You cannot solve it....you would need a time and you are correct in stating that

d = speed * time

with only speed...we have 2 unknowns...and we cannot solve for distance

all you can do is make a generalized statement and say

the distance traveled is = 40 * how ever many hours they travel

d = 40t

Answer 2

This was my word problem: The 12:00 p.m. eastbound train left the station at a constant speed of 40 miles per hour. At 12:45 p.m., the next eastbound train left the station at a constant speed of 60 miles per hour. Assuming neither train stops along the way, how far apart will the two trains be at 2:00 p.m.?

Answer 3

I found the time for the second train which was 80 miles.

Answer 4

How do I find the distance for the first train then? =)

Answer 5

Okay, so you do know the time! The first train travels for 2 hours at 40 miles per hour, right?

Answer 6

oh crap. thank you! i was lost for some reason.

Answer 7

my bad!

Answer 8

The second train travels at 60 miles per hour. It starts at 12:45 PM and goes until 2 PM. How much time elapses?
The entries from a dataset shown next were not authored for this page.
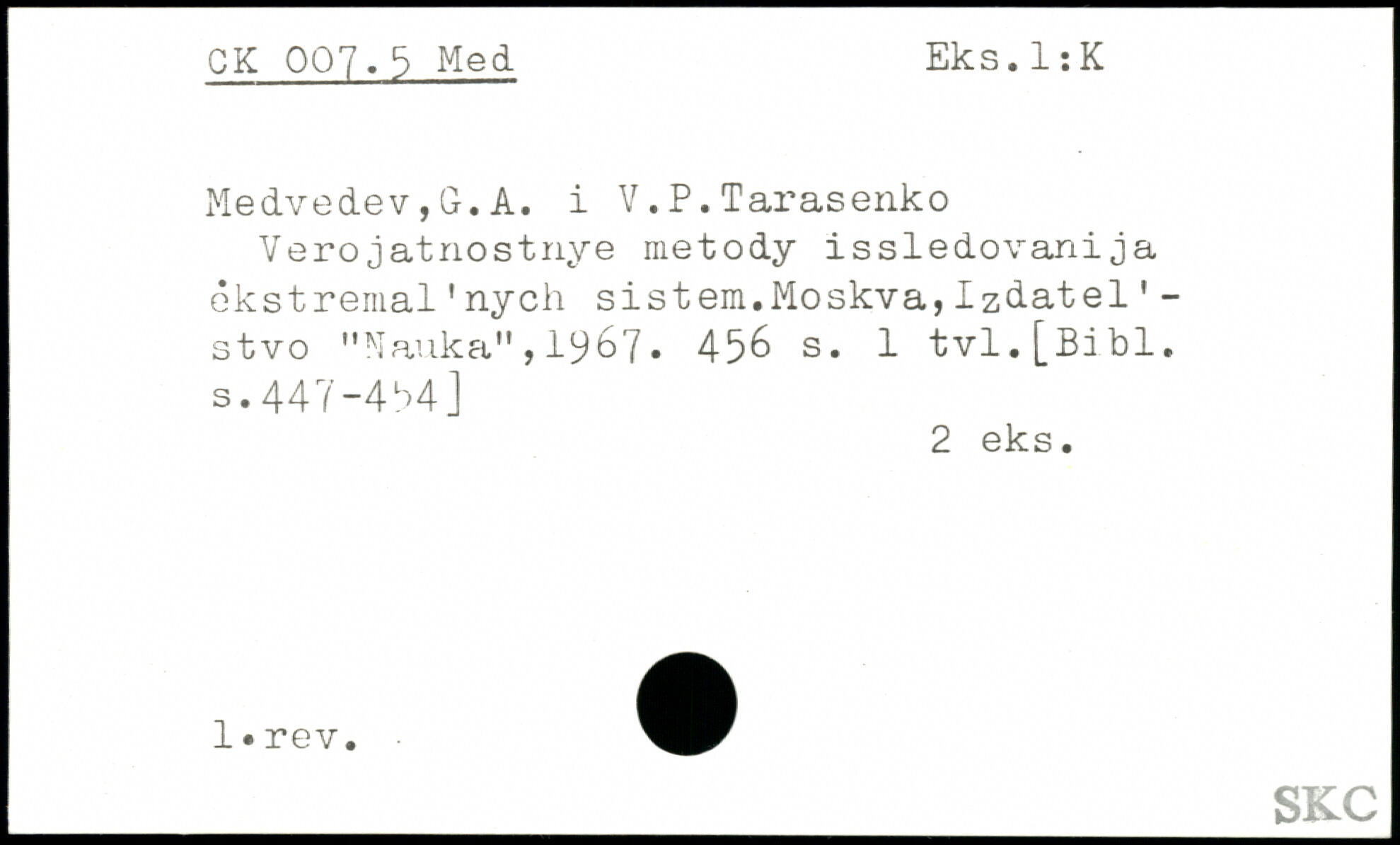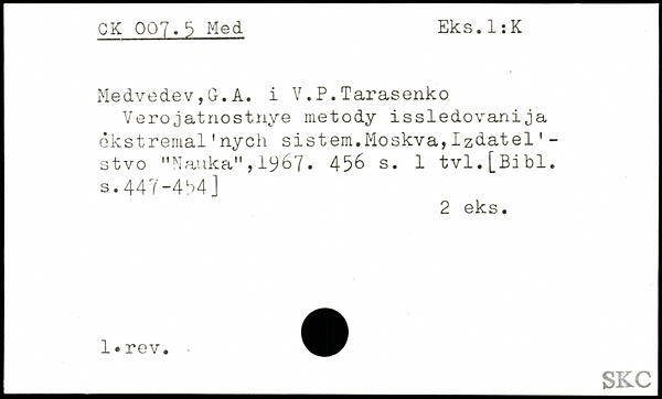 Verojatnostnye metody issledovanija ekstremal'nych sistem.Moskva,Izdatel1 -stvo "Nauka",1967. 45& s. 1 tvl.
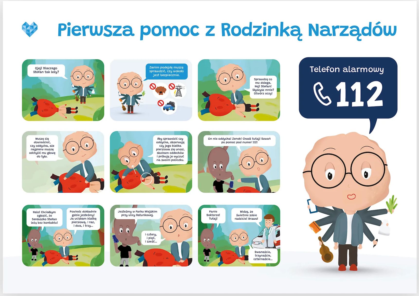 ŚWIETNA POMOC NAUKOWA Plansza przedstawia w prosty sposób najważniejsze elementy pierwszej pomocy, które powinno znać każde dziecko.
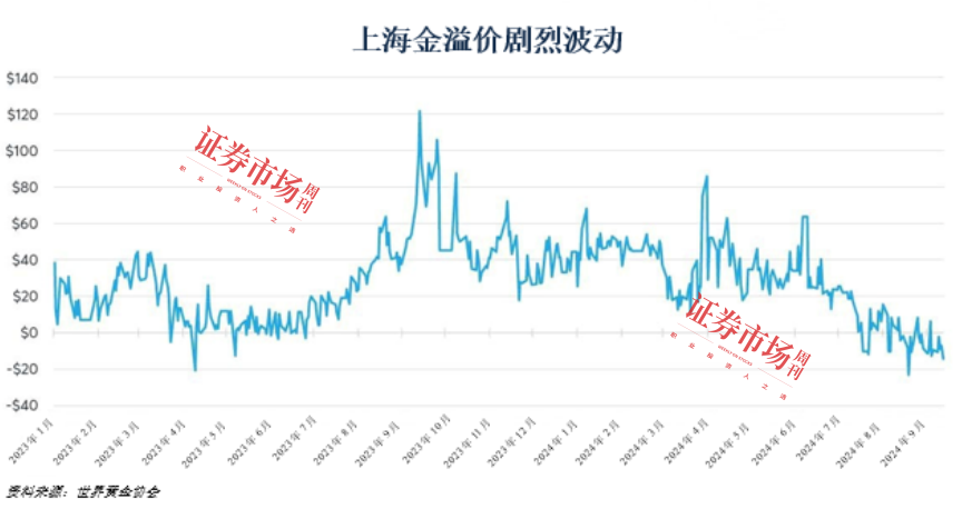 2023年初,上海金溢价约为每金衡盎司40美元,并在2023年9月14日触及每金衡盎司121.2美元的历史高点。然而仅仅在一年多以后,溢价徘徊在每金衡盎司负10美元左右,较高点下挫逾130美元。其中原因几何?
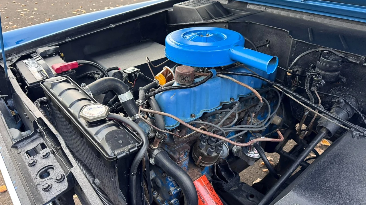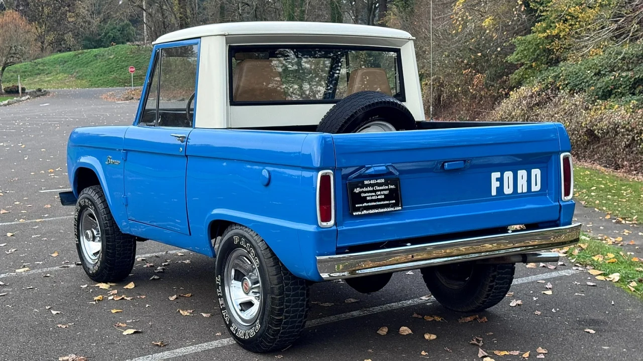 In its brochure for the 1966 Bronco, Ford identified this body style as the Sports Utility, which came with “a short steel roof, metal side doors and roll-up windows to provide complete weather protection.” If you ask me, it looks a lot like a pickup. Whatever you call this version of the Bronco, it doesn’t change the fact that it has been refinished in a combination of blue for the body and white for the grille and top during the restoration process.
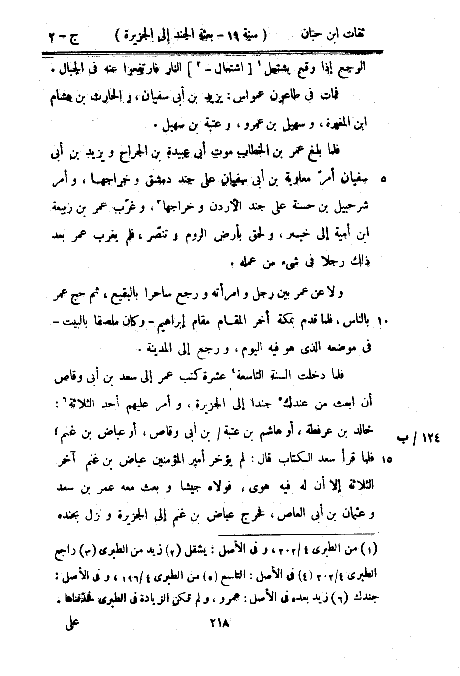 الوجع رَحْمَة ربكُم ودعوة نَبِيكُم وَمَوْت الصَّالِحين قبلكُمْ إِن معَاذًا يسْأَل اللَّه أَن يقسم لَهُ حَظه ثمَّ لأهل بَيته فطعن ابْنه عَبْد الرَّحْمَن بْن معَاذ فَمَاتَ ثمَّ طعن معَاذ فِي رَاحَته فَكَانَ يقبل ظهر كَفه وَكَانَ يَقُول مَا أحب أَن لي بِمَا فِيك من الدُّنْيَا شَيْئا ثمَّ مَاتَ واستخلف على النَّاس عَمْرو بْن الْعَاصِ فَقَامَ فيهم خَطِيبًا فَقَالَ أَيهَا النَّاس إِن هَذَا الوجع إِذا وَقع يشتعل اشتعال النَّار فَارْتَفعُوا عَنهُ فِي الْجبَال فَمَاتَ فِي طاعون عمواس يزِيد بْن أبي سُفْيَان والْحَارث بْن هِشَام بْن الْمُغيرَة وَسُهيْل بْن عَمْرو وَعتبَة بْن سُهَيْل فَلَمَّا بلغ عمر بْن الْخطاب موت أبي عُبَيْدَة بْن الْجراح وَيزِيد بْن أبي سُفْيَان أَمر مُعَاوِيَة بْن أبي سُفْيَان على جند دمشق وخراجها وَأمر شُرَحْبِيل بْن حَسَنَة على جند الْأُرْدُن وخراجها وَغرب عمر بْن ربيعَة بْن أُميَّة إِلَى خَيْبَر وَلحق بِأَرْض الرّوم وَتَنصر فَلم يغرب عمر بعد ذَلِك فِي رجلا شَيْء من عمله وَلَا عَن عمر بَين رجل وَامْرَأَته وَرجع ساحرا بِالبَقِيعِ ثمَّ حج عمر بِالنَّاسِ فَلَمَّا قدم بِمَكَّة أخر الْمقَام مقَام إِبْرَاهِيم وَكَانَ مُلْصقًا بِالْبَيْتِ فِي مَوْضِعه الَّذِي هُوَ فِيهِ الْيَوْم وَرجع إِلَى الْمَدِينَة فَلَمَّا دخلت السّنة التَّاسِعَة عشرَة كتب عمر إِلَى سعد بْن أبي وَقاص أَن ابْعَثْ من عنْدك جندا إِلَى الجزيرة وَأمر عَلَيْهِم أحد الثَّلَاثَة خَالِد بْن عرفطة أَو هَاشم بْن عتبَة بْن أبي وَقاص أَو عِيَاض بْن غنم فَلَمَّا قَرَأَ سعد الْكتاب قَالَ لم يُؤَخر أَمِير الْمُؤمنِينَ عِيَاض بْن غنم آخر الثَّلَاثَة إِلَّا أَن لَهُ فِيهِ هوى فولاه جَيْشًا وَبعث مَعَه عمر بْن سعد وَعُثْمَان بْن أبي الْعَاصِ فَخرج عِيَاض بْن غنم إِلَى الجزيرة وَنزل بجنده
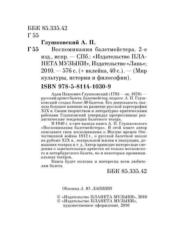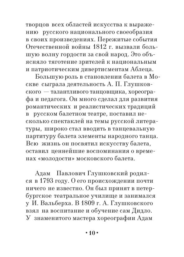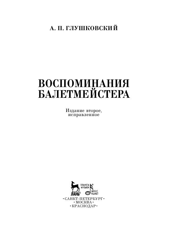 Адам Павлович Глушковский (1793 — ок. 1870) — русский артист балета, балетмейстер, педагог. А.П. Глушковский создал более 30 балетов. Его деятельность оказала большое влияние на развитие русской хореографии XIX в. Своим творчеством и литературно-критическими работами Глушковский утверждал прогрессивные реалистические тенденции балетного театра. В 1940 г. в свет вышла книга А.П. Глушковского «Воспоминания балетмейстера». В этой книге автор описывает свои воспоминания о Москве времен Отечественной войны 1812 г., о русской балетной школе на рубеже XIX в., театральной жизни в эвакуации, домашних театрах и т. д. Автор приводит интересные сведения о замечательных артистах не только московского и петербургского балета, но и некоторых провинциальных театров. Книга будет полезна и интересна всем любителям балета.
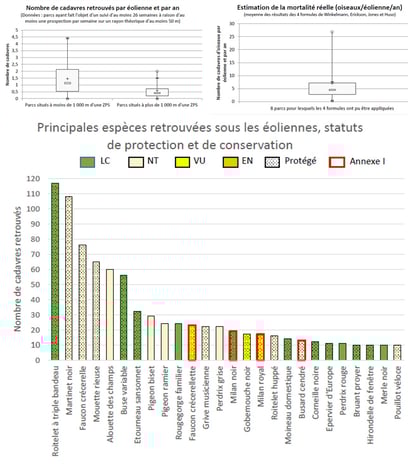Sur les 97 espèces retrouvées, 75 % sont officiellement protégées en France. L'implantation des éoliennes dans ou à proximité des ZPS (Natura 2000) génère la plus grande mortalité.
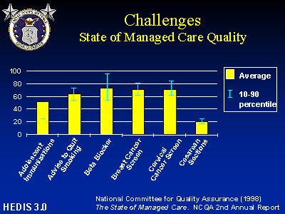 The data represents information from NCQA’s Accreditation program -- in which more 447 participating health plans. There are 630 health plans in the U.S today. There are 60 HEDIS measures but these 10 are the most widely reported. In addition, the reported included satisfaction measures of which I reported one. These are considered the most far reaching measures and they have been available since HEDIS 1.0 so they can be reported as trend data.
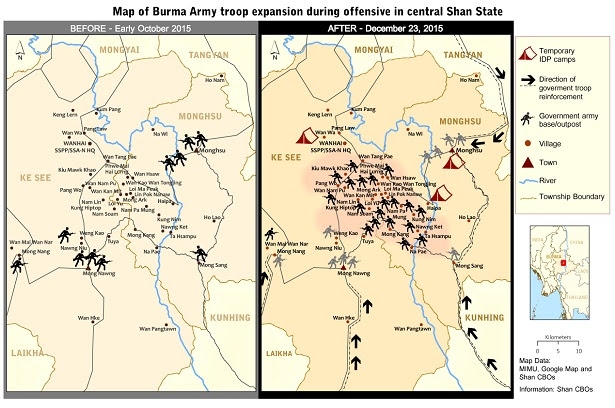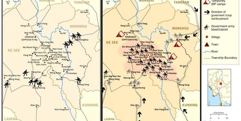 More than 10,000 civilians from Mong Hsu, Mong Nong, and Kesi Townshipsin in Central Shan State have been forced to flee their homes because of fighting in the area between the Burma Army and the Shan State Progress Party/Shan State Army-North (SSPP/SSA-N), which broke out in early October and continued until early December.
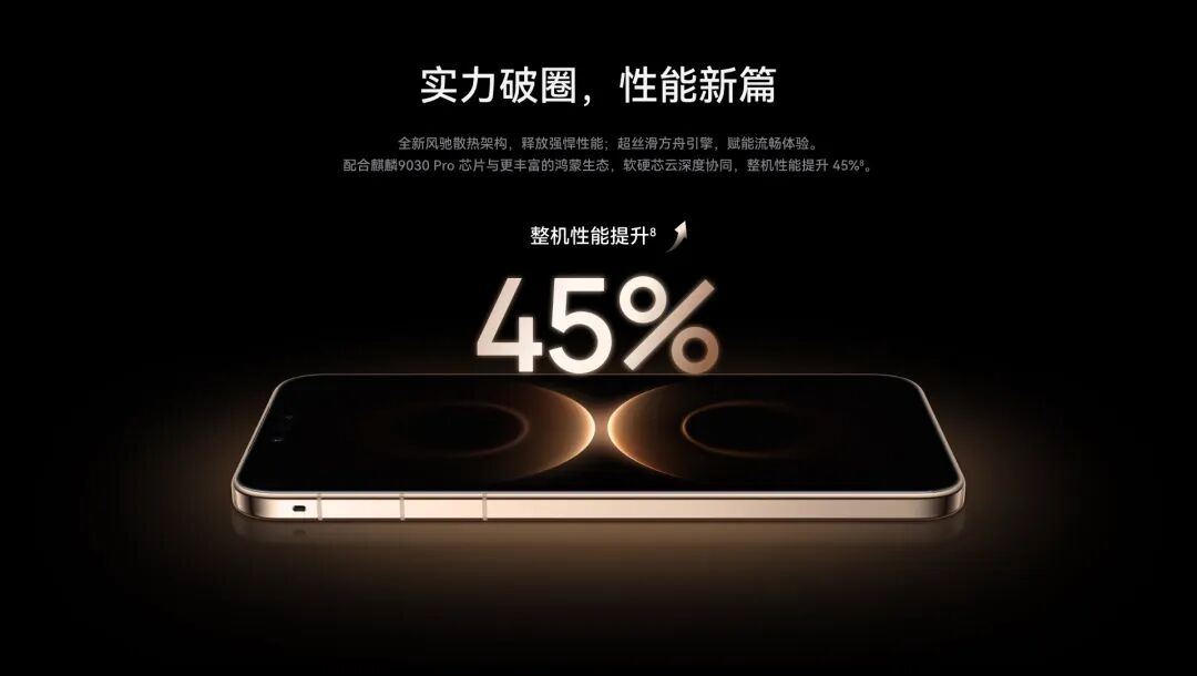 根据发布会上的介绍,在风驰散热架构的加持下,华为Mate 80 Pro Max 风驰版的整机性能相较于华为Mate 70 Pro+ 实现了 45% 的可感提升。
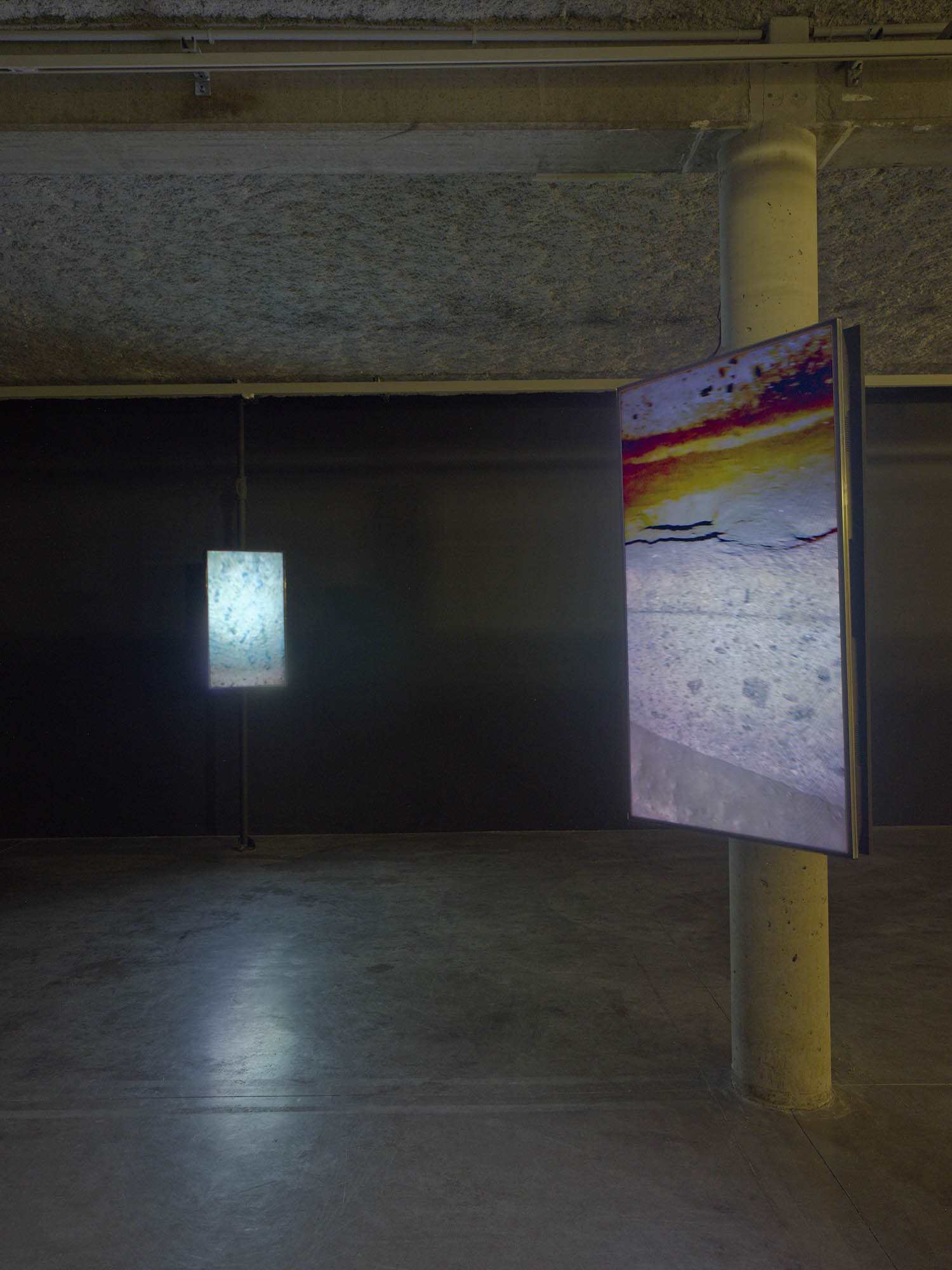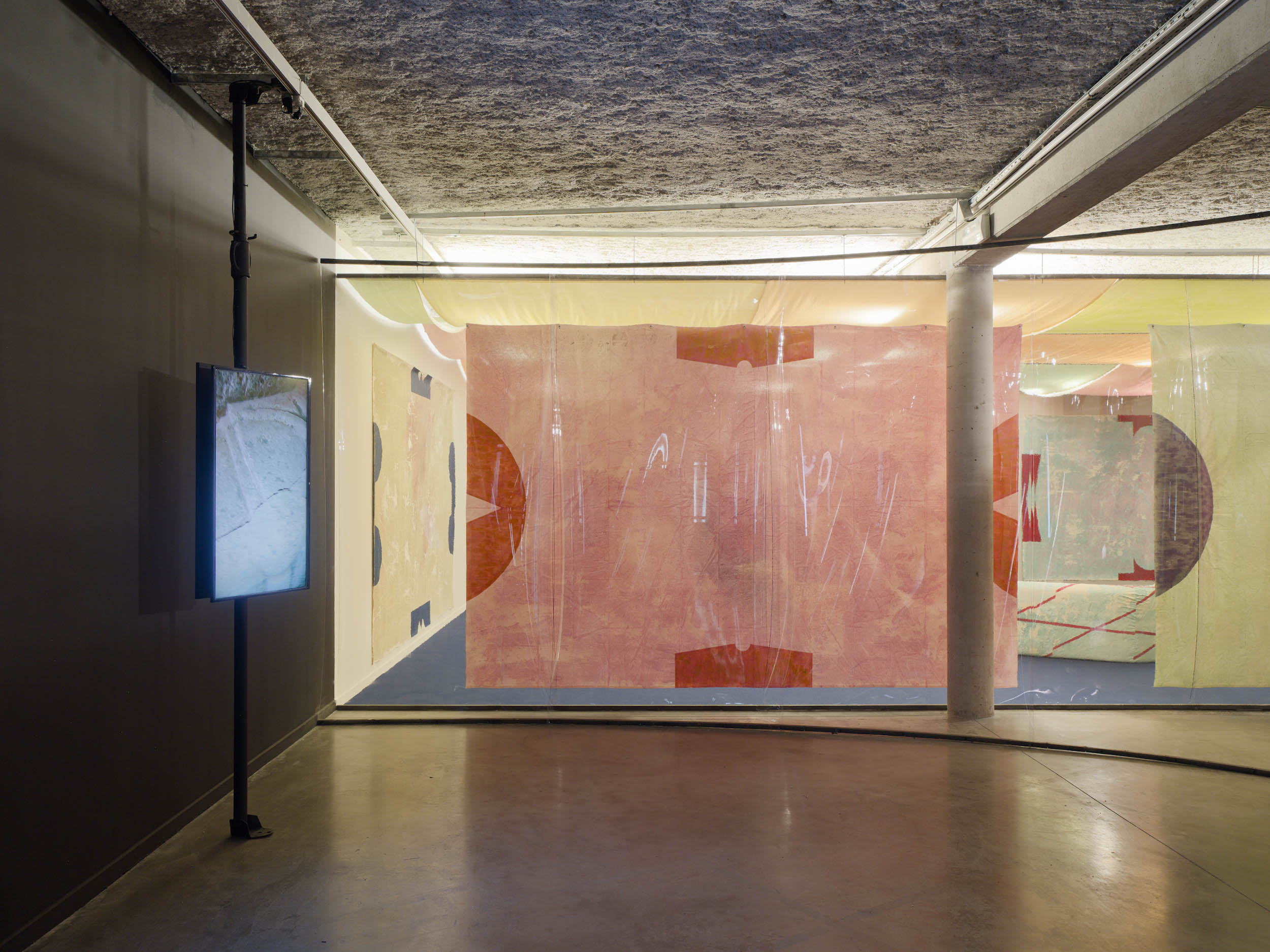 Les couleurs, sont venues du visionnage des vidéos. Des couleurs un peu acidulées, un peu pastels. Il y a quelque chose qui les rassemble. Comme une famille. En termes de procédé, ces toiles ont été réalisées au sol, sur une bâche de plastique, avec une peinture acrylique très diluée. Au séchage, l’air forme des plis révélant des compositions vibrantes et non contrôlées. Cette série de neuf peintures sur toile est inspirée de panneaux de marbre présents dans les églises romaines. L’installation « Plafond » complète le dispositif avec des toiles disposées à l’horizontal.

Multiply that by 60 miles per hour...

Answer 9

is the answer 10 miles?

Answer 10

Well, how far does each train travel?

Answer 11

First train goes 40 miles/hr * 2 hr = 80 miles
Second train goes 60 miles/hr * 1 1/4 hr = ?

Answer 12

my bad again! it's 80 mph because it'll be speed x time

Answer 13

no, not 80 mph....mph = miles per hour. neither train is going 80 miles per hour. one of the trains does go 80 *miles*, however

Answer 14

the second train will go 75 miles.

Answer 15

right! So how far apart are they at that point?

Answer 16

sorry i meant 80 miles.

Answer 17

another way to think of this problem is as two lines on a graph. The first train's position can be thought of as \(d_1= 40t\) if t is in hours. the second train's position can be thought of as \(d_2 = 60(t-0.75)\) if t is in hours.

Answer 18

now i figured it out. thank you.

Answer 19

then you plug in t = 2 in each equation to find out how far they've traveled, and subtract to get the distance apart.

another related problem would be to ask when the second train catches the first. the graphical representation here is very helpful — where the two lines cross is directly above the time value

Answer 20

My last "word problem" tip is to always, always check your answer to make sure it actually works :-)